(Beginning of Information)

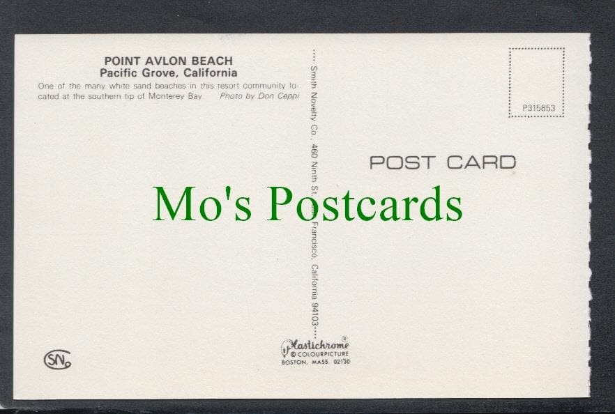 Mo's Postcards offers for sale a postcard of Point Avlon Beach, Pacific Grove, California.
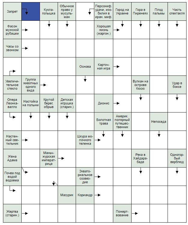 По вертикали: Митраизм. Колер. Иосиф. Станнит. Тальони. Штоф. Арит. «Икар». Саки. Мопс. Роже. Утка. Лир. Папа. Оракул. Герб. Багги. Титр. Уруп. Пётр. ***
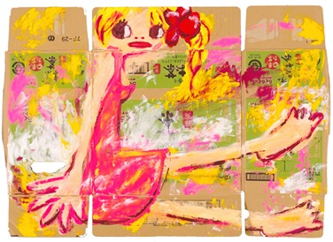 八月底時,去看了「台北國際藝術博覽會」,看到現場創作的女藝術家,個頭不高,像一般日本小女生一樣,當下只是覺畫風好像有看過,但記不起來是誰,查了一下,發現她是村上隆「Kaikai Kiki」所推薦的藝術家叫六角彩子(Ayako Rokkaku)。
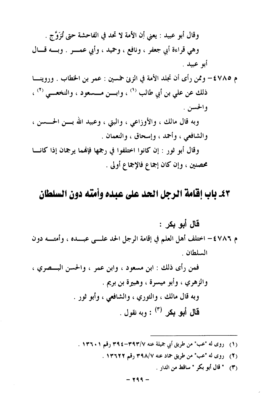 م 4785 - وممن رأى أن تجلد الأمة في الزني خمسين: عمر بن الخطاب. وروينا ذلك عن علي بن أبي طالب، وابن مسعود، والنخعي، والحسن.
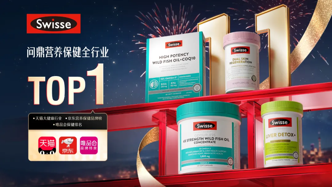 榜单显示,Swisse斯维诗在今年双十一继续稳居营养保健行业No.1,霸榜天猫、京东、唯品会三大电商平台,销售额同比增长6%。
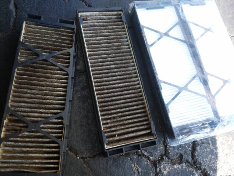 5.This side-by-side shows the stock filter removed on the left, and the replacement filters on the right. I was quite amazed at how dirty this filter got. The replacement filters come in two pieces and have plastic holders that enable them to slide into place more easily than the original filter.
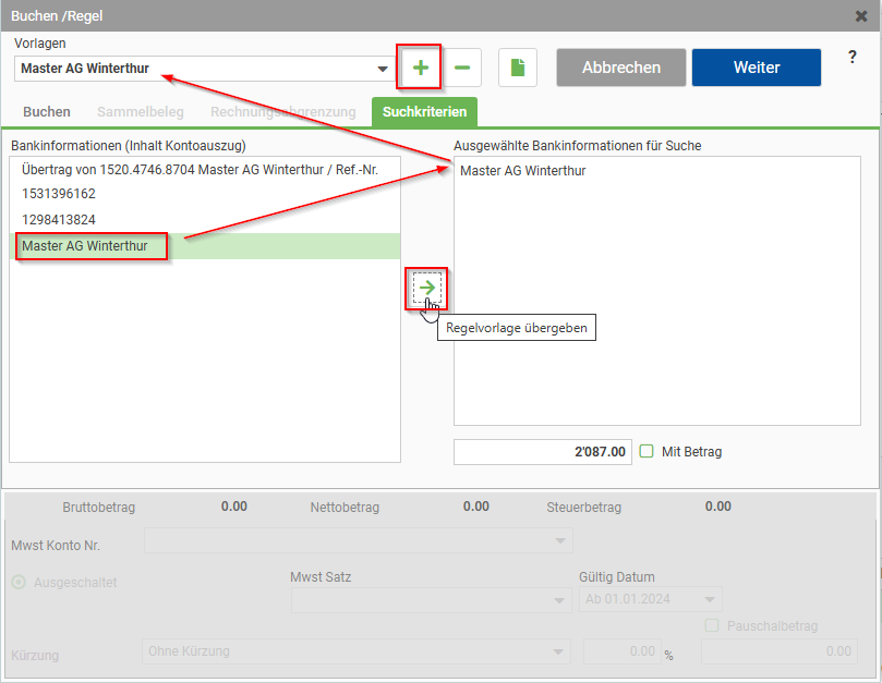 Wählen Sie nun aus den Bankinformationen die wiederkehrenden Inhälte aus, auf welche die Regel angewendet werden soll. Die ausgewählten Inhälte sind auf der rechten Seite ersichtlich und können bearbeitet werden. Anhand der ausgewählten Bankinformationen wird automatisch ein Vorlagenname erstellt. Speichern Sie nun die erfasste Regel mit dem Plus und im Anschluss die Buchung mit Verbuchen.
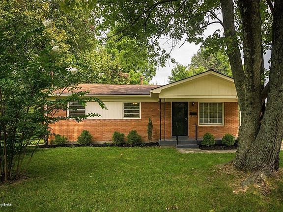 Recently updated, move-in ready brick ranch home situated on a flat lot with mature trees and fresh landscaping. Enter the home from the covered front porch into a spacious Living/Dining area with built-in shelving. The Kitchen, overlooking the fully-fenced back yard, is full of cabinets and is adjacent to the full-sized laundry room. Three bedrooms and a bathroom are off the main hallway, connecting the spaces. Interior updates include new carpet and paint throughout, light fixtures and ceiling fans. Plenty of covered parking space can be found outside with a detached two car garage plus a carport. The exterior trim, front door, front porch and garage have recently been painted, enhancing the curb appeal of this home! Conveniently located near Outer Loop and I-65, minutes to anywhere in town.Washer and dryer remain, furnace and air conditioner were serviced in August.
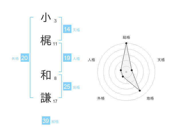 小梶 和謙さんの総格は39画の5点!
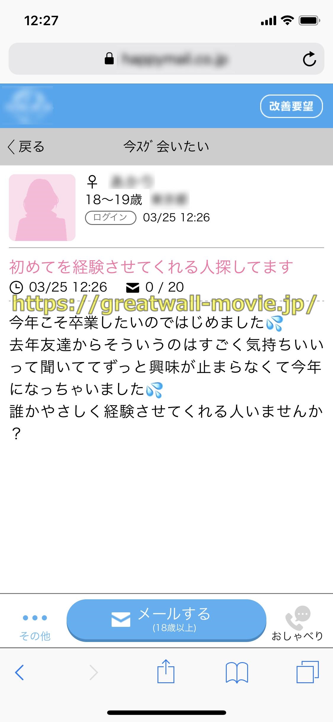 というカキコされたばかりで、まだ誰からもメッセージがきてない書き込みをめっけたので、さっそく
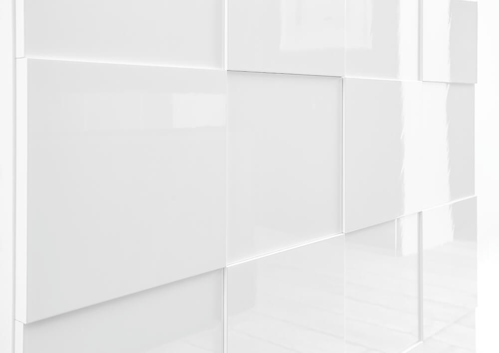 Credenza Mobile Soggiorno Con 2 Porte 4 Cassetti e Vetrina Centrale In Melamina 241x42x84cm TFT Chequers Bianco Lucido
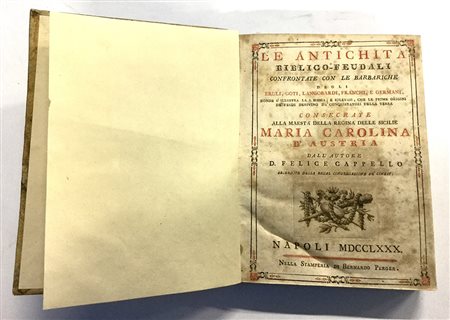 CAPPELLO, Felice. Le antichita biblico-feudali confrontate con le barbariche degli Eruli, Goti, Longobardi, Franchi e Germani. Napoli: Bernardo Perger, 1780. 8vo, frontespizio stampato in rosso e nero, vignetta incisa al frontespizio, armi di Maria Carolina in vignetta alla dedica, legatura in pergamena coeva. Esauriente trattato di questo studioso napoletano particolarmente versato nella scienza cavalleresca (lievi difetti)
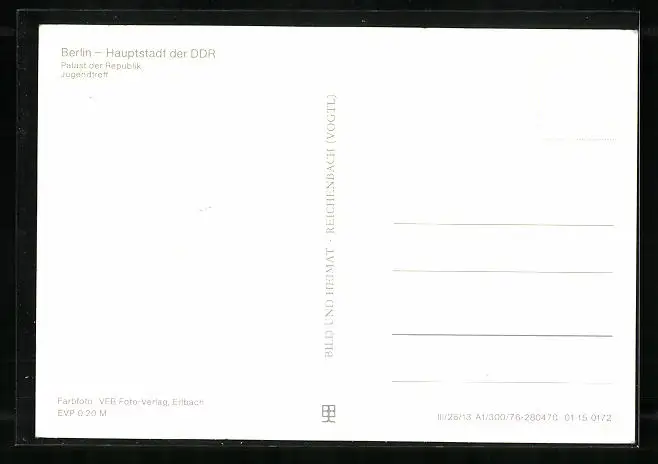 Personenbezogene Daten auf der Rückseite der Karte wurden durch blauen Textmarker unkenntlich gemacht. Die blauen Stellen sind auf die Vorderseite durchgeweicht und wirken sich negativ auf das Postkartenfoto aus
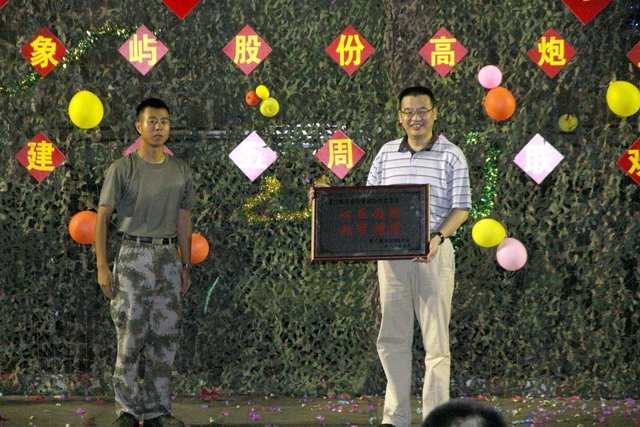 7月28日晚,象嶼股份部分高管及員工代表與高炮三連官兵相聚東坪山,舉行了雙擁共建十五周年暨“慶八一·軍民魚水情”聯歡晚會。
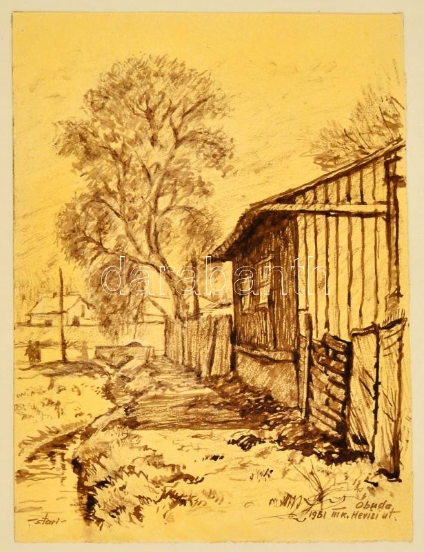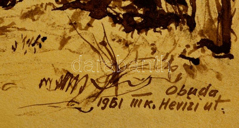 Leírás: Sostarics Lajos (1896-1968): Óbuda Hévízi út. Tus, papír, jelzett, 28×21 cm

(End of Information)

§ **To do**
Using the entries above, transcribe every line from the line containing "榜单显示,Swisse斯维诗" through the line containing "Wählen Sie nun". Do not copy pictures.

§ **Output of the task**
 榜单显示,Swisse斯维诗在今年双十一继续稳居营养保健行业No.1,霸榜天猫、京东、唯品会三大电商平台,销售额同比增长6%。
 5.This side-by-side shows the stock filter removed on the left, and the replacement filters on the right. I was quite amazed at how dirty this filter got. The replacement filters come in two pieces and have plastic holders that enable them to slide into place more easily than the original filter.
 Wählen Sie nun aus den Bankinformationen die wiederkehrenden Inhälte aus, auf welche die Regel angewendet werden soll. Die ausgewählten Inhälte sind auf der rechten Seite ersichtlich und können bearbeitet werden. Anhand der ausgewählten Bankinformationen wird automatisch ein Vorlagenname erstellt. Speichern Sie nun die erfasste Regel mit dem Plus und im Anschluss die Buchung mit Verbuchen.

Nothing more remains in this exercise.